* PROVIDED INFORMATION:

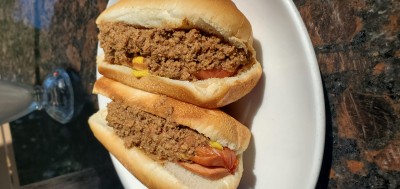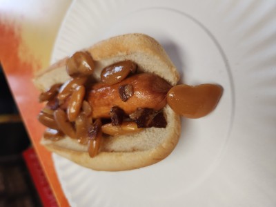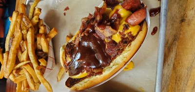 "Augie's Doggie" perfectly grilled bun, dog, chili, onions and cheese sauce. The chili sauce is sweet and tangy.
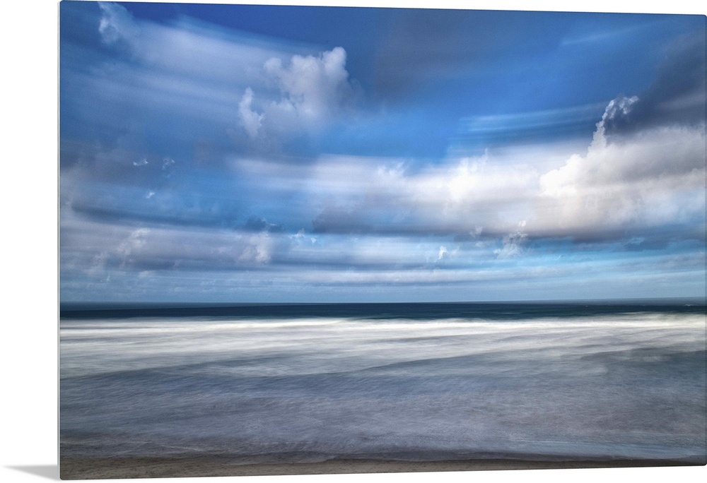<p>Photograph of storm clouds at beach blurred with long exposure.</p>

---

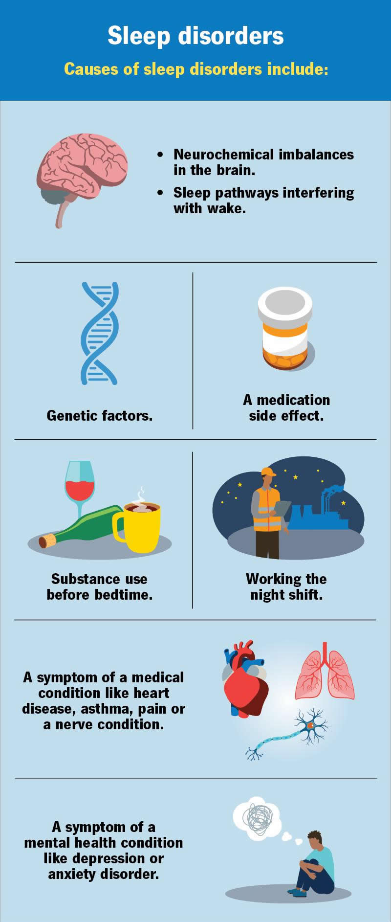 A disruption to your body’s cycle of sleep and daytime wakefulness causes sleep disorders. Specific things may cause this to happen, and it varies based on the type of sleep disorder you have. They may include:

==

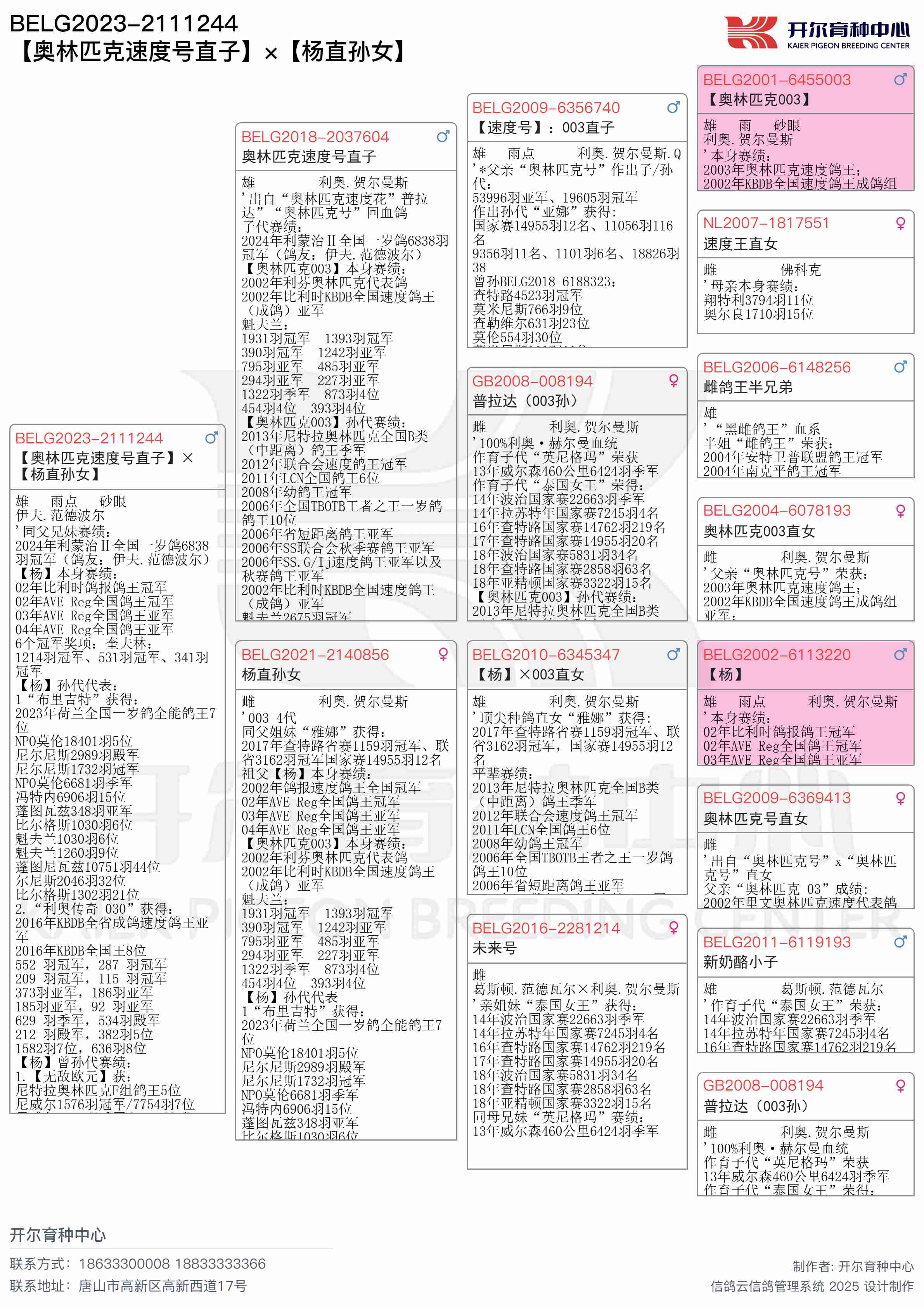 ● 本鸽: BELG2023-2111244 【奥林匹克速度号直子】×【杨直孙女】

* WORK INSTRUCTIONS: Print the part of the listing above that opens with the line containing "sweet and tangy." and closes with the line containing "<p>Photograph of storm". Copy it exactly, both ends included, and omit the pictures.

* REPLY TO THE EXERCISE:
 "Augie's Doggie" perfectly grilled bun, dog, chili, onions and cheese sauce. The chili sauce is sweet and tangy.
<p>Photograph of storm clouds at beach blurred with long exposure.</p>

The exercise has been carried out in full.